De nouveaux témoignages ont été rendus publics, début septembre, sur des faits gravissimes pouvant pour certains s’apparenter à des viols ou concernant des mineures. Mychele DANIAU
De nouveaux témoignages ont été rendus publics, début septembre, sur des faits gravissimes pouvant pour certains s’apparenter à des viols ou concernant des mineures. Mychele DANIAU

    Petit à petit, les langues se délient. « Il est désormais établi que, dès 1955-1957, quelques évêques au moins ont su que l’abbé Pierre avait un comportement grave à l’égard des femmes », a reconnu Éric de Moulins-Beaufort, le président de la conférence des Évêques de France (CEF) dans un entretien accordé au Monde, ce lundi 16 septembre.

    Depuis juillet dernier, l’abbé Pierre, décédé en 2007, est visé par des accusations de violences sexuelles commises entre les années 1950 et 2000. De nouveaux témoignages ont été rendus public, début septembre, sur des faits gravissimes pouvant pour certains s’apparenter à des viols ou concernant des mineures.

    Un comportement connu du Vatican

    Un comportement visiblement connu dès 1955 par plusieurs évêques. À l’époque, « des mesures ont été prises, dont une cure psychiatrique » et la désignation d’un adjoint (dit « socius ») dont le fondateur d’Emmaüs s’est visiblement « ingénié à tromper » la « surveillance », a précisé Monseigneur Éric de Moulins-Beaufort. Ces mesures représentent « une réaction forte au regard des manières de faire de ce temps », souligne Mgr de Moulins-Beaufort.

    Par ailleurs, dans ce texte, il « réaffirme le travail de l’Église en France pour que la vérité soit faite sur les faits d’agressions et de violences sexuelles, comme aussi sur les faits d’emprise spirituelle, et pour revoir ses fonctionnements ». Emmaüs a, depuis ces révélations, lancé une commission d’enquête et l’Église a ouvert ses archives.

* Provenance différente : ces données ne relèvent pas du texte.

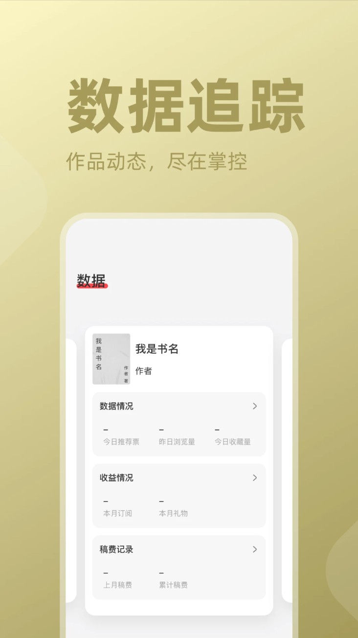 1. 网文平台签约作者,随时查阅数据、管理章节,提高连载效率。

    Dans sa tribune, Éric de Moulins-Beaufort « forme aussi respectueusement le vœu que le Vatican se livre à une étude de ses archives et dise ce que le Saint-Siège a su et quand il l’a su », après des propos du pape vendredi affirmant que le Vatican était au courant des accusations de violences sexuelles visant l’abbé Pierre, au moins depuis sa mort en 2007.

    « Personnalité préférée des Français » dans les années 1990

    L’archevêque de Reims souligne aussi que « l’on savait, au moins dans certains cercles d’Emmaüs, l’abbé Pierre étant encore vivant, qu’il devait être surveillé parce qu’il était dangereux pour les femmes qui s’approchaient de lui ».

    Notant que de nombreux films et ouvrages ont été consacrés à l’abbé Pierre, qu’il a même été consacré « personnalité préférée des Français » dans les années 1990, Monseigneur de Moulins-Beaufort souligne qu’aucune victime n’avait souhaité parler à l’époque. « Désormais, elles le font » à travers plusieurs cellules d’écoute ou instances de réparation mises en place par l’Église. « C’est un immense progrès social », assure l’ecclésiastique qui promet aux victimes de l’abbé Pierre sa « détermination à ce que leur parole produise un effet ».

    Dans sa tribune, Mgr de Moulins-Beaufort note aussi que « par choix personnel, l’abbé Pierre a presque toujours vécu à distance de tout cadre proprement ecclésial » et que « mettre en cause l’Église et le célibat sacerdotal n’est pas à la hauteur » de l’enjeu de société que représentent les violences sexuelles.